Tibetan Buddhist monastery in Zanskar, Ladakh, India

Dzongkhul Monastery or Zongkhul Gompa is located 30 km northwest of Padum in the Stod Valley of Zanskar in Ladakh, northern India. Like the Sani Monastery, it belongs to the Drukpa school of Tibetan Buddhism

Dzongkhul has traditionally been home to famous yogins.
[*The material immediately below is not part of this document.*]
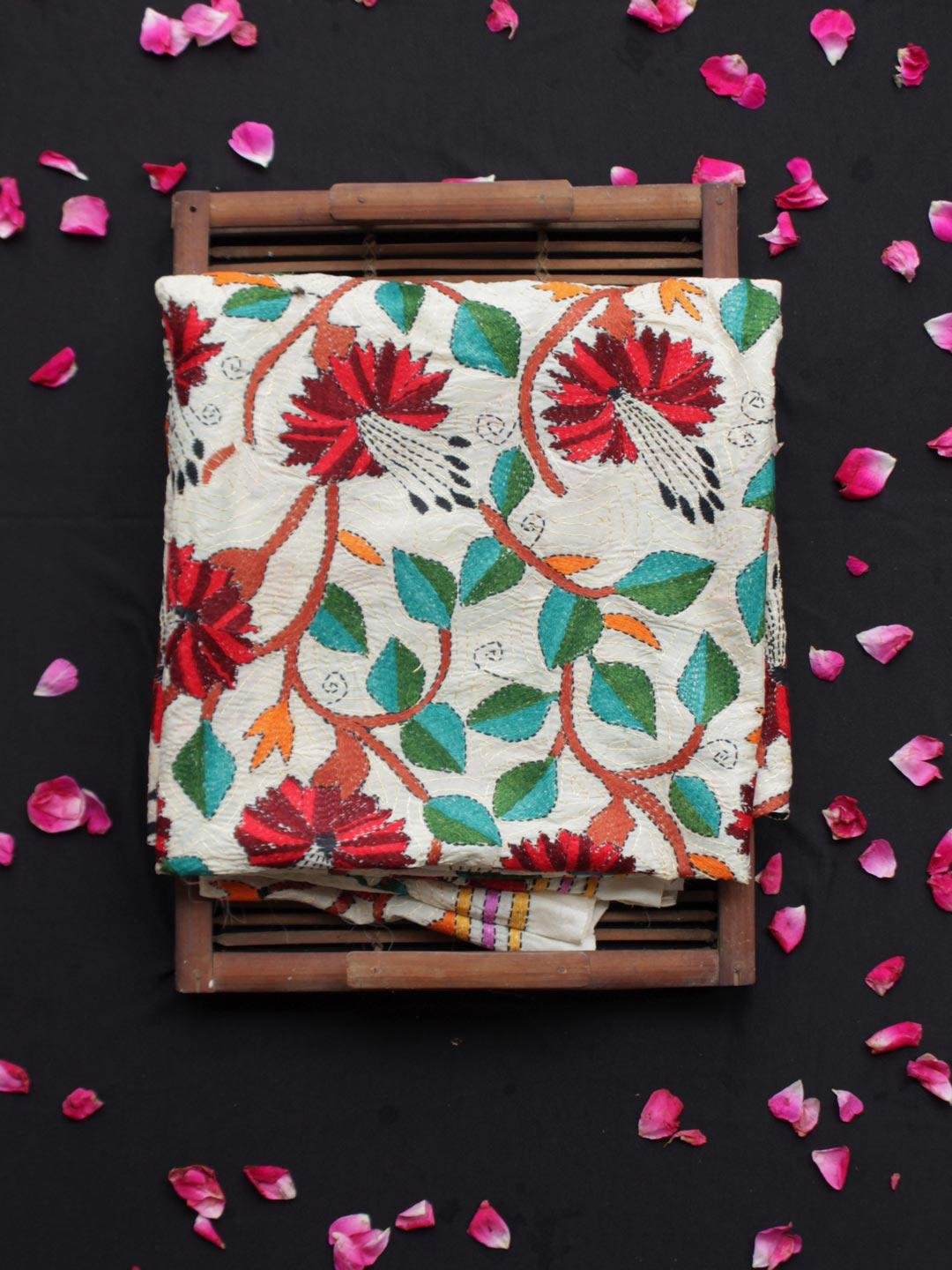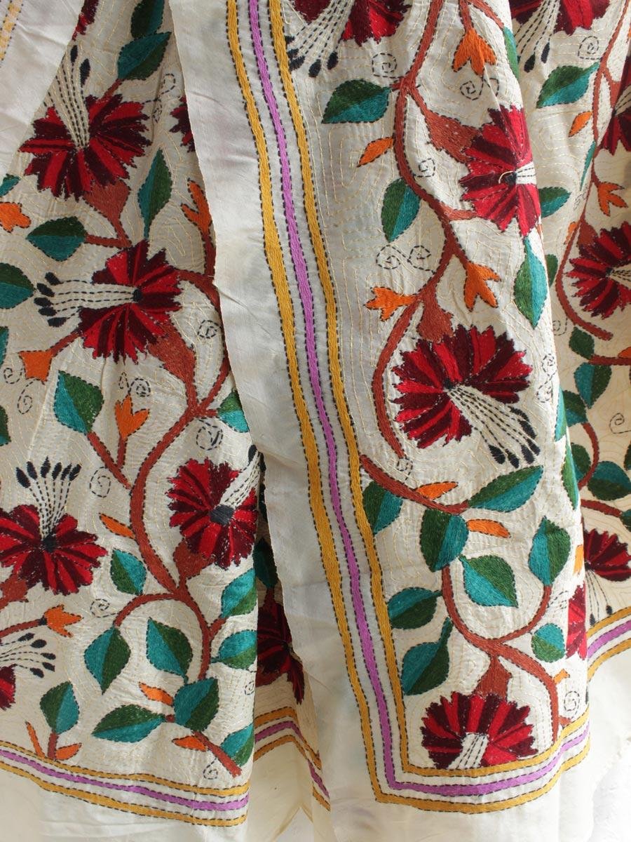 Dark-Red and Black-Red flowers Nakshi Kantha – নকশি কাঁথা handembroidered Cream-white semi-tussar silk dupatta.

It is sited near the foot of a wide valley which leads to the pass known as the Umasi-la which joins Zanskar and Kishtwar.

==History==
Its foundation is attributed to Naropa (956-1041 CE), who was a celebrated Indian Buddhist yogi, mystic and monk from the renowned Vikramshila University in Bihar. He is said to have meditated in one of the two caves around which the gompa is built and the monastery is dedicated to him. His footprint can be seen in the rock near the entrance to the lower cave. The gompa contains images and thankas of famous Drukpa lamas. Zhadpa Dorje, a famous painter and scholar created some of the frescoes on the cave walls almost 300 years ago.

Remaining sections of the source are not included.